Studio album by Shriekback
- Released: 1985
- Studios: Gaslight; Rockfield Studios (Monmouth, Wales)
- Genres: New wave; pop rock;
- Length: 44:15
- Label: Island
- Producer: Barry Andrews

Shriekback chronology
| Jam Science (1984) | Oil and Gold (1985) | Big Night Music (1986) |

Singles from Oil and Gold
- "Nemesis" Released: 1985; "Fish Below the Ice" Released: 1985;

= Oil and Gold =

Oil and Gold is the fourth studio album by the English rock band Shriekback, released in 1985 by Arista Records in UK and Europe, Australia and New Zealand and by Island Records in the United States,

The album is widely considered the band's highest creative moment and saw them begin a metamorphosis from funk-influenced new wave towards darker and challenging art rock. The addition of Martyn Barker on drums and Lu Edmonds on guitar gives many of the songs a harder edge, while the album also features synthesizers from Hans Zimmer, best known for his work in film music.

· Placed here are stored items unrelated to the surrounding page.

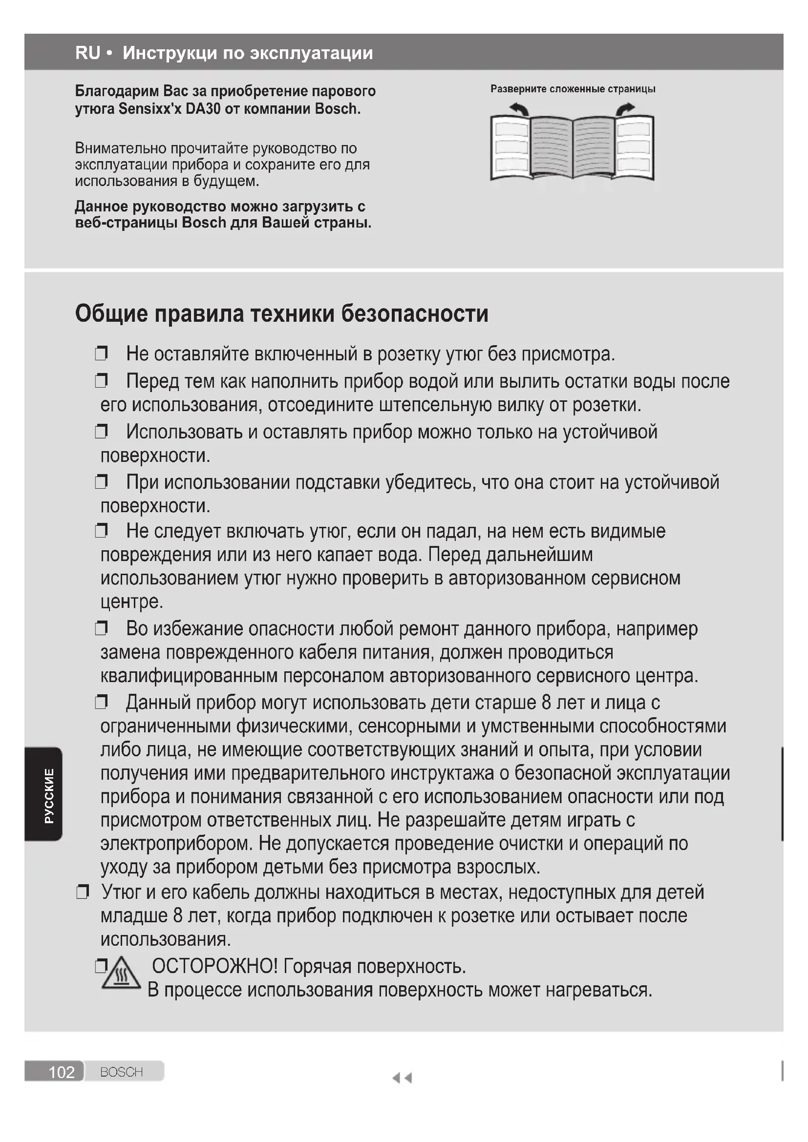 ОСТОРОЖНО! Горячая поверхность. В процессе использования поверхность может нагреваться. RU • Инструкци по эксплуатации Благодарим Вас за приобретение парового утюга Sensixx'x DA30 от компании Bosch. Внимательно прочитайте руководство по эксплуатации прибора и сохраните его для использования в будущем. Данное руководство можно загрузить с веб-страницы Bosch для Вашей страны. Разверните сложенные страницы103 B O S C H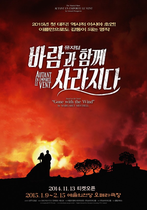 한국에서의 아시아 초연을 성사시키기 위해 프랑스 제작자, 미국 원작자 저작권 관리 협회와의 협의 끝에 드디어 원작 탄생 80주년, 영화 탄생 77주년을 맞는 기념비적인 해 2015년에 한국 관객들과 만나게 된 것. 단 5주간의 진귀한 경험을 선사할 뮤지컬 '바람과 함께 사라지다'는 11월 13일(목) 오후 2시 첫 티켓을 오픈하며 2015년의 포문을 열 예정이다.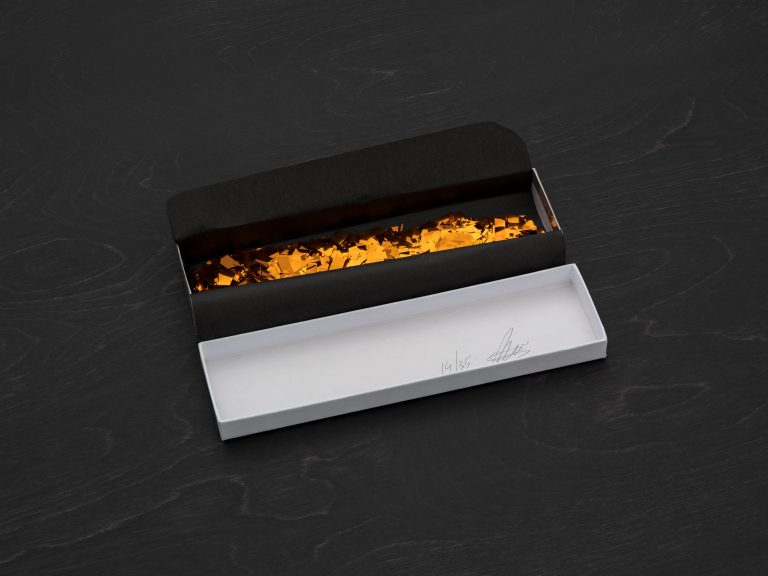The digital collage was printed on silk velvet, which gives it a very three-dimensional appearance. Leila Hekmat modelled it on the work of the French artist Gaspard Grégoire, who wove portraits into silk velvet in the 19th century and thus achieved a high luminosity and tactile quality. She cut the velvet to size and stitched it onto black, acid-free passe-partout cardboard made from cotton rags.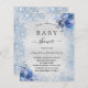 Um chá de fraldas moderno, elegante, celebrando um menino. Fundo metálico de aspecto fino prateado decorado com brilho azul, farelos e flores azuis, flores. Personalize e adicione um nome e detalhes da parte. Letras pretas coloridas.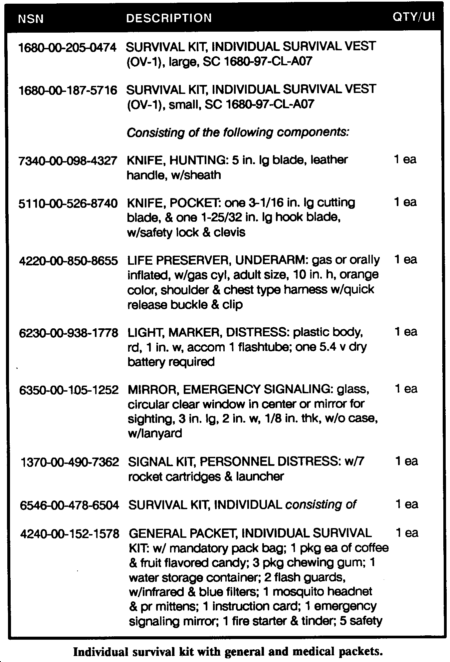 An aviator's survival vest (SRU-21P), worn by helicopter crews, also contains survival items.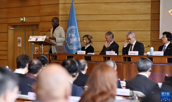 4月15日,在位于法国巴黎的联合国教科文组织总部,联合国教科文组织跨文化对话部门前主任杜杜·迪安(后左一)在“文明交流互鉴理念国际研讨会”上作主旨发言。新华社记者 高静 摄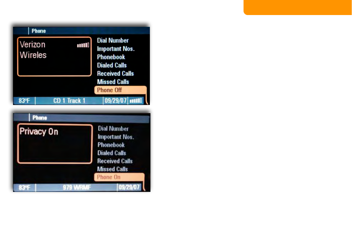 Press TEL, Select Phone Off. Privacy On is displayed,

Oil and Gold served as a bridge between the founding trio of Barry Andrews, Carl Marsh, and Dave Allen, and a span of releases spearheaded by Andrews alone. Marsh, whose voice featured prominently on earlier releases, left the band after the recording and Andrews took over as primary vocalist. Marsh would return with the release of Having a Moment (2003), and remains involved with the band to the present day. The album's highlights include the three opening songs, sung by Marsh, and the minor hit, "Nemesis", which became the band's signature song. The album's success widened their audience significantly, and sold well in the US. Both of the singles released from the album reached the Top 100 in the UK singles chart: "Nemesis" reached number 94 and "Fish Below the Ice" reached number 88.

==Critical reception==

Ian Peel of Record Collector commented, "Criminally overlooked for years, here – at last – is the
pivotal Shriekback album in
double-disc glory. It may not
have the cult appeal of
Tench or Jam Science and what came before nor the
commercial overload that
followed it with Go Bang!,
but Oil & Gold is the pivotal, mid-career opus that draws
together all of this maverick
band’s strengths with a
mesmerising punch."

David Barton of the Sacramento Bee praised the album saying, "This arch, wiry, British art funk is reminiscent of both Gang of Four and XTC...The vocals are amelodic, showing a great debt to David Byrne's use of cadence over melody, and the backing tracks throb like accelerated Talking Heads arrangements...Heady stuff, pretentious yes, but sharp inventive and hot."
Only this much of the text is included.